Her milletin devlet mevhumuna bakışı farklıdır ancak Türk milleti kadar kaderini devletiyle beraber görmüş başka bir millet yoktur. Ezelden beri her şeyin fani olduğuna inanan milletimiz sadece devletini ebed müddet tahayyül etmiştir.
Türkistan’dan Avrupa’ya, Güney Asya’dan Kuzey Afrika’ya kadar uzanan geniş coğrafyada kurduğumuz her devletimizin varoluş kodları bu anlayışla yoğurulmuştur.
Anadolu’ya geldiğimizde de burada yaşayan insanların tamamını şefkatle ve adaletle kucaklayarak kendimizden ayrı görmedik. Cihan devletimizin ayrılmaz bir parçası olarak bağrımıza bastık.
Cumhuriyetimizi kurduktan sonra devletimizin sınırları içerisindeki her bir insanımızı adil ve eşit vatandaşlar olarak kabul etme sürecimiz biraz sancılı geçmiş olabilir. Ama nihayetinde bunu da başardığımızı düşünüyorum.
Geldiğimiz bu noktada artık geçmiş bir asırdaki acıları yarıştırma, yanlışlarla hesaplaştırma anlayışını geride bırakıp hep birlikte yönümüzü Türkiye Yüzyılına çevirmemiz gerektiğine inanıyorum.
Dünyada ve bölgemizde tarihi gelişmelerin yaşandığı, siyasi ve ekonomik yeniden yapılanma sürecinin kapılarının araladığı bir dönemdeyiz. Böyle bir dönemde 85 milyon hep birlikte Türkiye Yüzyılı vizyonu etrafında birleşmemiz çok daha önemli ve hayati hale gelmiştir. Bunun için de ülke ve millet olarak, önümüzdeki siyasi, sosyal, ekonomik sorunları hızla çözmemiz şarttır.
Cumhur İttifakı ortağımızın öncülüğünde son dönemde ortaya konan yaklaşımların bu geniş arka plan ışığında önyargısız olarak değerlendirilmesinin daha faydalı olacağı kanaatindeyiz. Bu yaklaşım; kadim devlet aklının, milletimizin binlerce yıllık tecrübesinden süzülüp gelen irfanının gereğidir.
Yeni şeyler söylememiz gereken sorunları görmezden gelen değil, kararlı irade ortaya koyup çözmemiz gereken bir iklime girdik. Aksi halde nevzuhur devletlerden ve toplumlardan bir farkımız kalmaz. Hiç uzağa gitmemize gerek yok. Milli Mücadele tek başına bu halkın en zor şartlarda bile neler yapabileceğinin en güzel timsalidir.

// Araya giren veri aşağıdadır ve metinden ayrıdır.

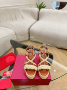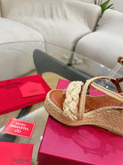 GARAVANI ROCKSTUD WEDGE SANDALS IN BRONZE BROWN CALFSKIN AND BEIGE RAFFIA

Milli Mücadelede asker sayısı, ekonomik güç, silah, teçhizat, ulaşım ve istihbarat imkanları bakımından üstün olan taraf işgalcilerdi. Ama zaferi kazanan biz olduk. Çünkü Kuva-yı milliyeyi amil ve irade-i milliyeyi hakim kılmak hedefiyle el ele verdik, yek vücut olduk. Milli Mücadelede hiç kimse yan yana yürüdüğü arkadaşına Türk mü, Kürt mü, Alevi mi, Sünni mi olduğunu sormadı. Ülkenin dört bir yanındaki illerimizin temsilcileri Ankara’da buluşup büyük millet meclisinde omuz omuza verdir birlik oldu.
Cumhuriyetimizi kurarak çıktığımız yeni yol, zaman içerisinde mazlum milletlerin bağımsızlıklarını kazanmalarına giden kapıları açmıştır.
Bugün de bir asır önce meclis kürsüsünde yaşanan iklimi yeniden hissediyor, aynı şeye inanıyor, aynı şeyi söylüyoruz. Bir asır önce olduğu gibi dünyanın dört bir yanındaki kardeşlerimizin umudunu yaşatacak, azmini bileyecek, inancını kökleyecek tarihi bir duruş sergiliyoruz.
Hiçbir zorluk bizi yolunuzdan alıkoyamayacak. Milletçe ve devletçe dünyada ve bölgemizde oynanan oyunlar karşısında kaçmayacak, geri adım atmayacak, karanlık senaryolara teslim olmayacak, sinsi oyunlara yenilmeyeceğiz. Tam tersine onurlu ve dirayetli duruşumuzdan taviz vermeden, kendimize yakışır şekilde mücadeleye devam edeceğiz. Sınırlarımızın güvenliğiyle yetinmeyecek, bölgemizin ve dünyanın huzur, mazlumların felahı için çalışmaktan vazgeçmeyeceğiz.
Siyasi, sosyal ve ekonomik tüm hedefleriyle Türkiye Yüzyılını mutlaka ama mutlaka hayata geçireceğiz."